Find the line holding "Шкіряні штани зі" in the entries below. Give it again exactly, along with every line after it up to and including the line holding "Comunicato: Il Sindaco".

#### Excerpted data:
*** Begin section ***

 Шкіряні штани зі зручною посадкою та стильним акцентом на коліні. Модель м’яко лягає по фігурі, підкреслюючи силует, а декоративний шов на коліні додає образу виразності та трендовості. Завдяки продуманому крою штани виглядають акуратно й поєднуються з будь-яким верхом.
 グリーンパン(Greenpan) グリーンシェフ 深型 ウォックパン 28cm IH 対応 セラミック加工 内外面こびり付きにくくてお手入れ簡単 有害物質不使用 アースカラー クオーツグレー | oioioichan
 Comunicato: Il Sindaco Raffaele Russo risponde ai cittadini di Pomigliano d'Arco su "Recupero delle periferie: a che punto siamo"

*** End section ***
*** Begin section ***

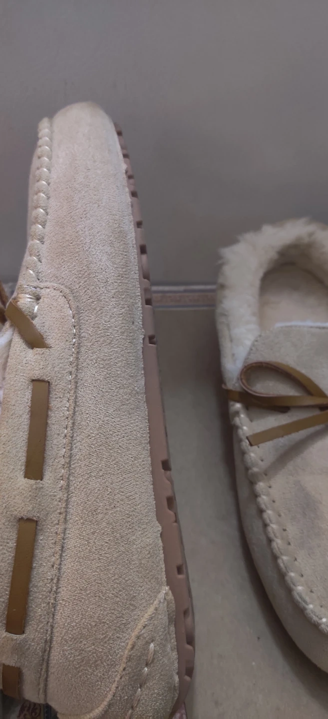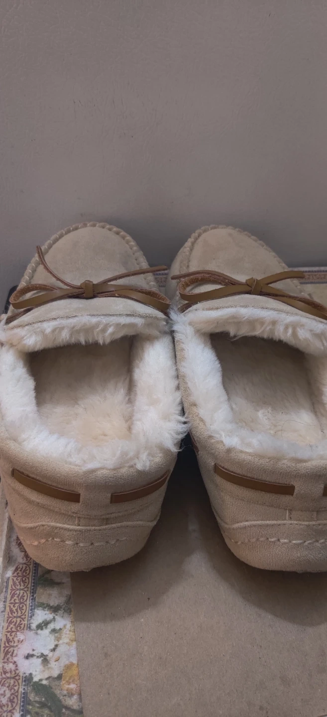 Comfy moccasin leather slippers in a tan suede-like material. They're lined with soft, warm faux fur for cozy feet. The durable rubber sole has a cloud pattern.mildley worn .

*** End section ***

#### Task solution:
 Шкіряні штани зі зручною посадкою та стильним акцентом на коліні. Модель м’яко лягає по фігурі, підкреслюючи силует, а декоративний шов на коліні додає образу виразності та трендовості. Завдяки продуманому крою штани виглядають акуратно й поєднуються з будь-яким верхом.
 グリーンパン(Greenpan) グリーンシェフ 深型 ウォックパン 28cm IH 対応 セラミック加工 内外面こびり付きにくくてお手入れ簡単 有害物質不使用 アースカラー クオーツグレー | oioioichan
 Comunicato: Il Sindaco Raffaele Russo risponde ai cittadini di Pomigliano d'Arco su "Recupero delle periferie: a che punto siamo"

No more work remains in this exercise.